**Instructions to follow**
Omit all pictures and transcribe only the lines in the entries below that run from the line with "برعاية السيد رئيس" through the line with "超簡単!フレッシュなベビーリ".

**Record excerpts**
○ ○ ○

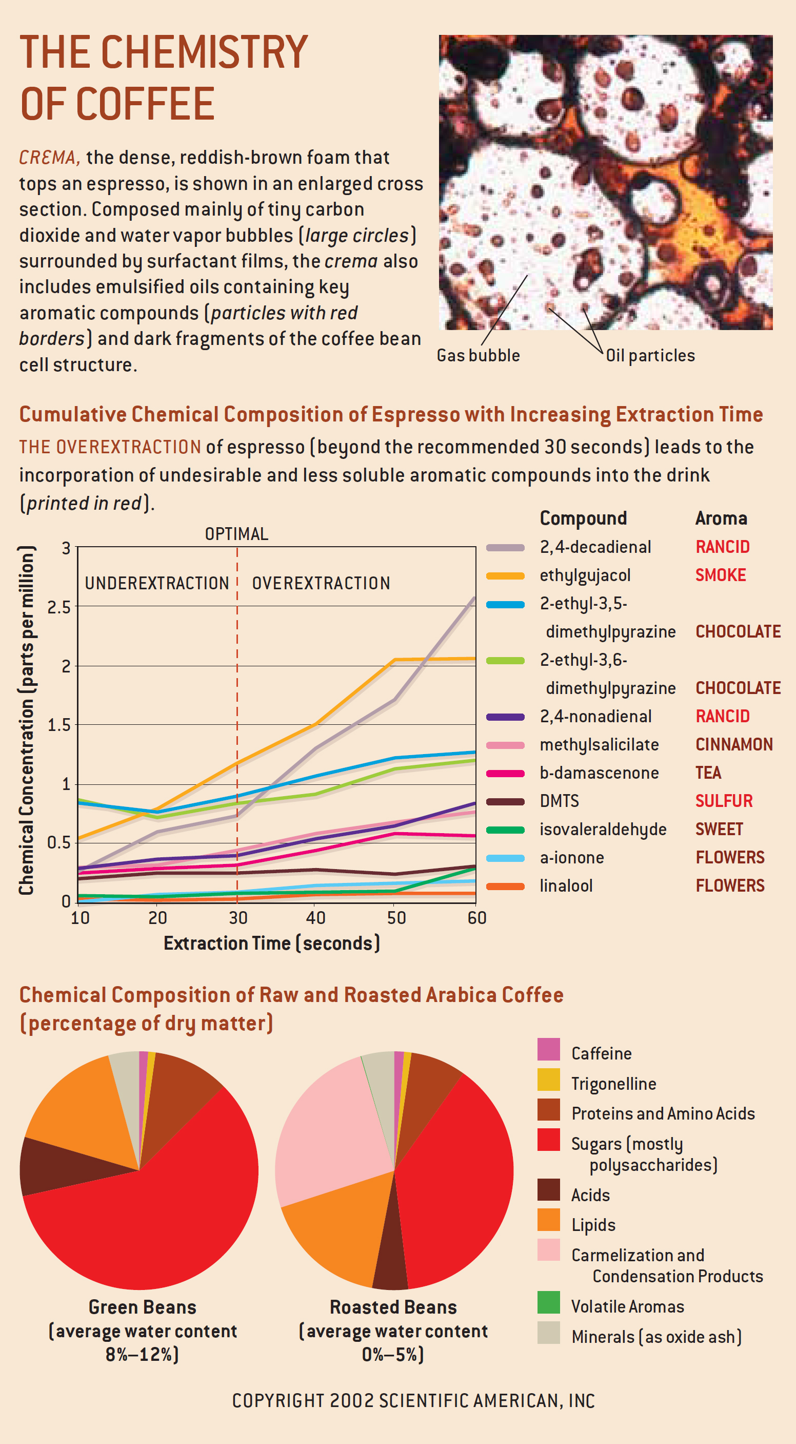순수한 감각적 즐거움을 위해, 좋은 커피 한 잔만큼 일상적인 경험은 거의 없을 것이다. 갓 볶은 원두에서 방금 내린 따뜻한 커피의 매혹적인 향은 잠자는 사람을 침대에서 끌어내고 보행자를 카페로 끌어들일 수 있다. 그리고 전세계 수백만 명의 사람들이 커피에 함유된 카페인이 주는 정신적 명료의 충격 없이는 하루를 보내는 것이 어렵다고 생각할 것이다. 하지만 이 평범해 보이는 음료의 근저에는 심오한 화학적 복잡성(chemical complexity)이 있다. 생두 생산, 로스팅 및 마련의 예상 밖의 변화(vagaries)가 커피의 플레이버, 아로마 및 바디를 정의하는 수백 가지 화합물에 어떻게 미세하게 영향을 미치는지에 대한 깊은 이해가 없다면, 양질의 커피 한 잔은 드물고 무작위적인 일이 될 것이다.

○ ○ ○

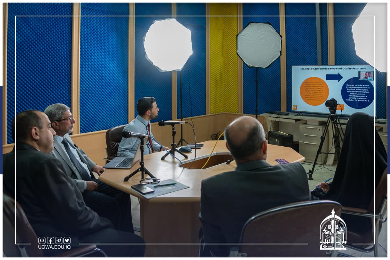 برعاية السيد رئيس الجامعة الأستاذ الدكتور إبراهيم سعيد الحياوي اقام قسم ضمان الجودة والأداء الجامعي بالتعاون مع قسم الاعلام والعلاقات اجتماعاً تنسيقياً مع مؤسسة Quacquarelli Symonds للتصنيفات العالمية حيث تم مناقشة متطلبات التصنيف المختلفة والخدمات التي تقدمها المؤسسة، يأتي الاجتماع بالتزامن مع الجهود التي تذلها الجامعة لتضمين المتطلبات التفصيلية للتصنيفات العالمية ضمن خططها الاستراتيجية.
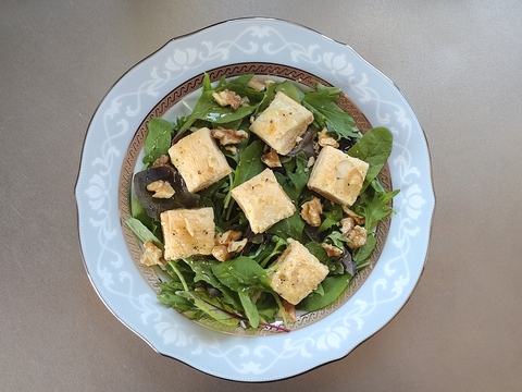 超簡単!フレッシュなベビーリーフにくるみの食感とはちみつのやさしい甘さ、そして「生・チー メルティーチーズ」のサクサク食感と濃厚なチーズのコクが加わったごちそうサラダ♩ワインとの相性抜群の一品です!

○ ○ ○

**Expected output**
 برعاية السيد رئيس الجامعة الأستاذ الدكتور إبراهيم سعيد الحياوي اقام قسم ضمان الجودة والأداء الجامعي بالتعاون مع قسم الاعلام والعلاقات اجتماعاً تنسيقياً مع مؤسسة Quacquarelli Symonds للتصنيفات العالمية حيث تم مناقشة متطلبات التصنيف المختلفة والخدمات التي تقدمها المؤسسة، يأتي الاجتماع بالتزامن مع الجهود التي تذلها الجامعة لتضمين المتطلبات التفصيلية للتصنيفات العالمية ضمن خططها الاستراتيجية.
 超簡単!フレッシュなベビーリーフにくるみの食感とはちみつのやさしい甘さ、そして「生・チー メルティーチーズ」のサクサク食感と濃厚なチーズのコクが加わったごちそうサラダ♩ワインとの相性抜群の一品です!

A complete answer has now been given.